- Born: 1982 (age 43–44)

Academic background
- Education: Duke University (AB) Harvard University (JD)

Academic work
- Discipline: Constitutional law, federal courts, criminal law and procedure
- Institutions: Washington University in St. Louis

= Daniel Epps =

American legal scholar

Daniel Epps (born c. 1982) is an American legal scholar of U.S. constitutional law and of U.S. criminal law and procedure. He serves as the Howard and Caroline Cayne Distinguished Professor of Law at the Washington University School of Law.

==Early life and education==
Epps was born in 1982. His father, Garrett Epps, is a legal scholar and author who taught at the law schools of the University of Oregon and the University of Baltimore. Epps graduated from Duke University in 2004 with a Bachelor of Arts, summa cum laude, in philosophy, and from Harvard Law School in 2008 with a Juris Doctor, magna cum laude. As a law student, Epps was the articles co-chair of the Harvard Law Review and received the John M. Olin Law & Economics Prize.

==Career==
After graduating from law school, Epps was a law clerk to Judge J. Harvie Wilkinson III of the U.S. Court of Appeals for the Fourth Circuit from 2008 to 2009 and to Justice Anthony Kennedy of the U.S. Supreme Court from 2009 to 2010. Epps was co-clerks with Scott Keller and Misha Tseytlin.

Following his clerkships, Epps practiced appellate litigation as an associate at King & Spalding from 2010 to 2013. Epps drafted the petition for certiorari and merits briefing in Walden v. Fiore (2014). Epps' amicus brief for Professor Stephen Sachs in Atlantic Marine Construction Co. v. U.S. District Court (2013) was recognized by the Green Bag as an example of exemplary legal writing. Epps was then a Climenko Fellow and Lecturer on Law at Harvard Law School prior to becoming a professor at Washington University School of Law.

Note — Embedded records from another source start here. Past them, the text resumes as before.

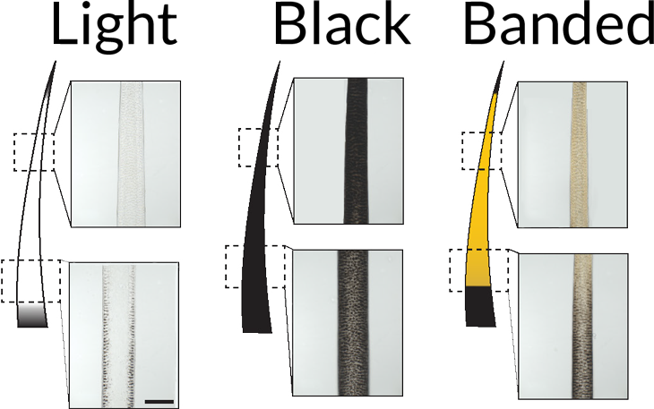 In the new study, evolutionary developmental biologist Ricardo Mallarino of Harvard University and colleagues examined the multicolored stripes of African striped mice (Rhabdomys pumilio). Two light-colored stripes, each flanked by black stripes, run down the mice’s backs. A strip of fur the same brownish color as most of the rest of the body separates the dark-light-dark striping. The patterns are created by three types of hair: Hairs with banded yellow shafts growing from a black base populate the strip in the middle, while completely black hairs from base to tip are found in the black stripes. Hairs with a black base but no pigment in the shaft make up the light stripes.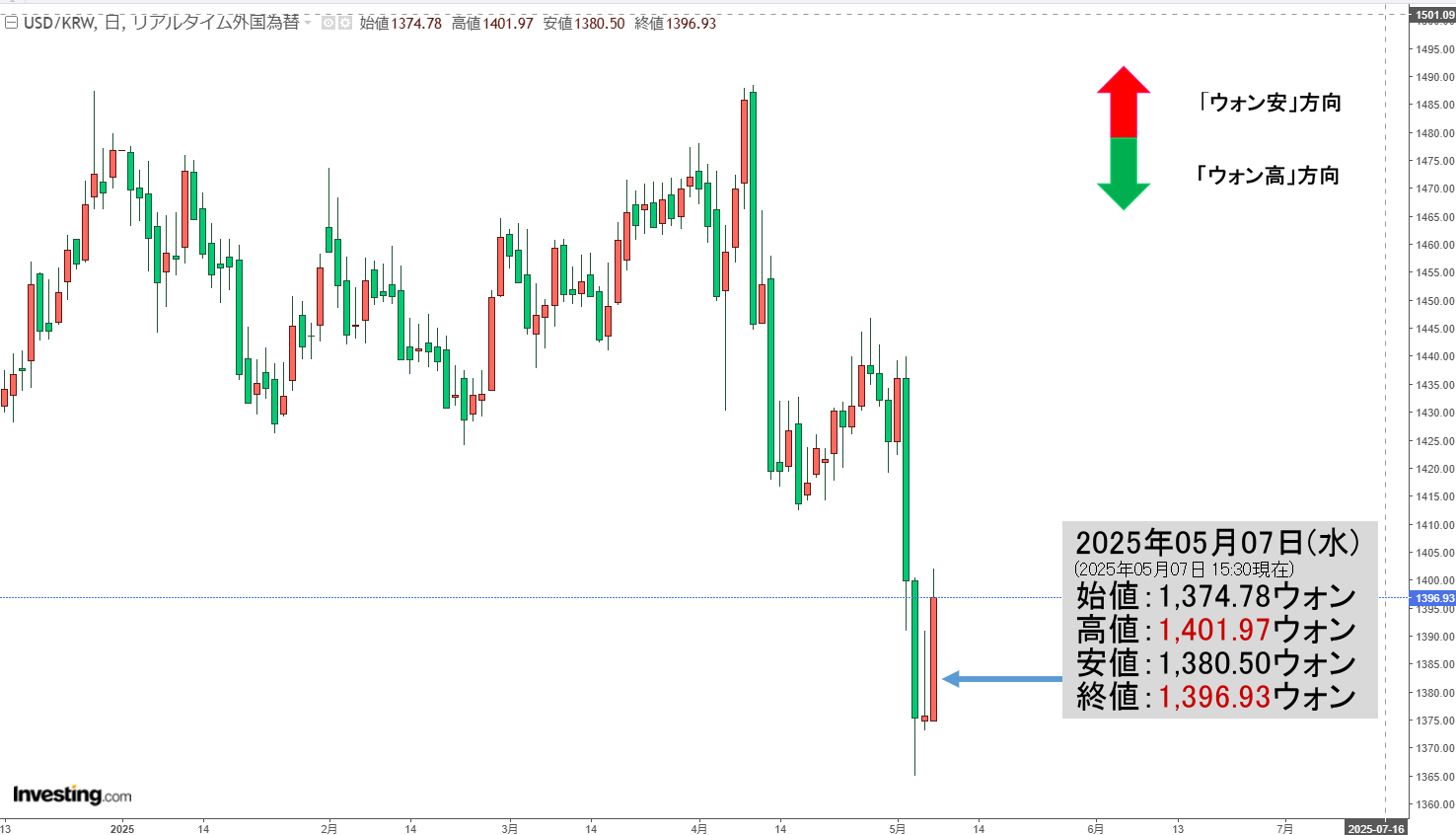 2025年05月07日(水)15:30現在、ドルウォンのチャートは以下のようになっています(チャートは『Investing.com』より引用)。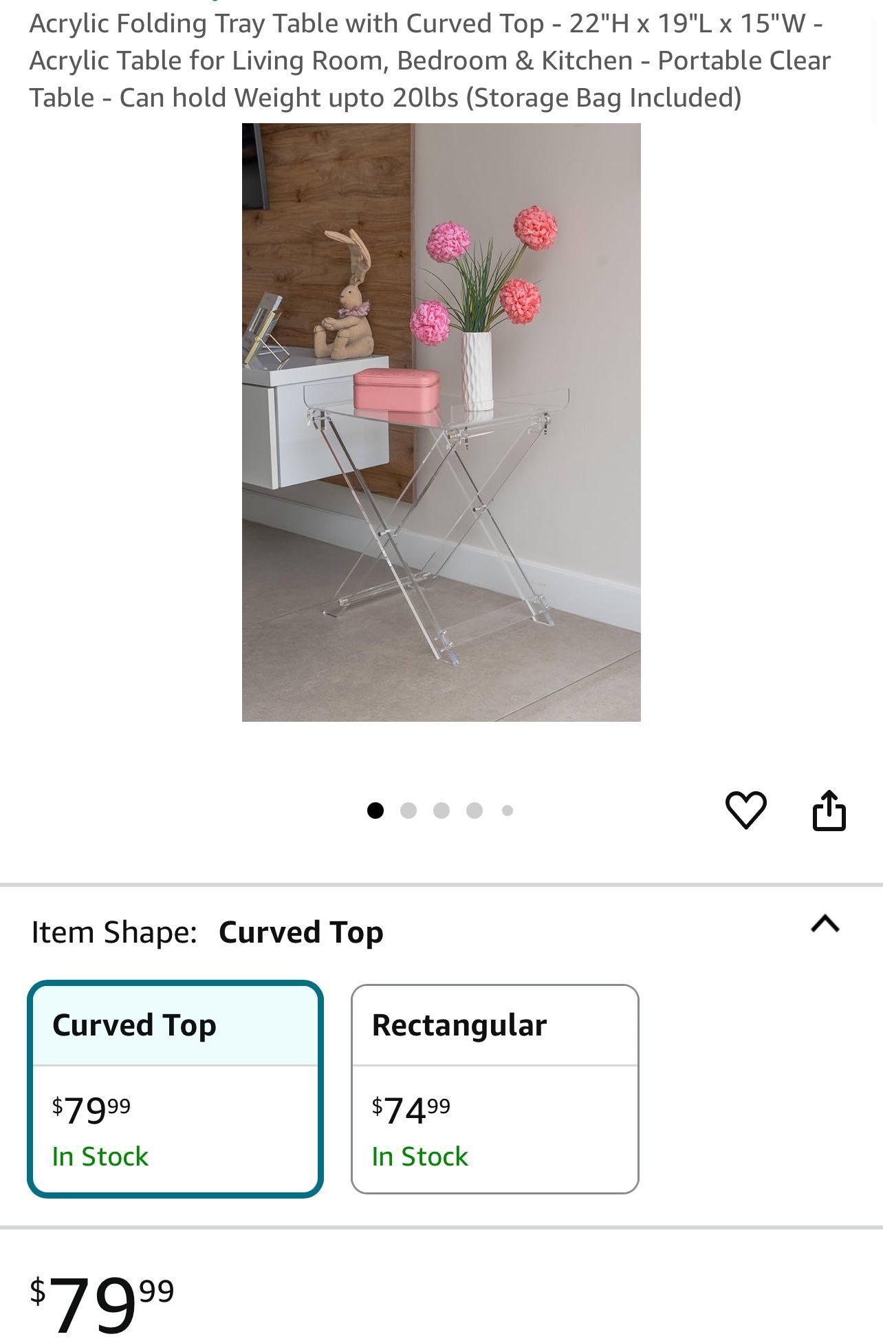 Clear Acrylic Folding Tray Table Brand New/ Never Used Perfect Condition Product Dimensions: 15"D x 15"W x 22"H Item Weight: 10 Pounds Original Price: $79.99 If post is still up, item is still available!

Epps has published scholarly articles on Supreme Court reform, U.S. constitutional law, federal courts, and criminal law and procedure. Epps has regularly been cited by news publications, such as the New York Times, Washington Post, and Wall Street Journal, for his Supreme Court scholarship and as a source for Supreme Court commentary. A proposal by Epps and Ganesh Sitaraman to restructure the Supreme Court gained widespread media attention after it was endorsed by Mayor Pete Buttigieg during his 2020 presidential campaign. Epps testified on Supreme Court reform before the Presidential Commission on the Supreme Court in July 2021.

Epps served as co-counsel for the defendant in Ocasio v. United States (2016). In 2020, Epps was a Special Counsel for Senator Sheldon Whitehouse during the confirmation of Judge Amy Coney Barrett to the Supreme Court.

Epps co-hosts the legal podcast Divided Argument with William Baude. He also serves as Of Counsel at Wilkinson Stekloff.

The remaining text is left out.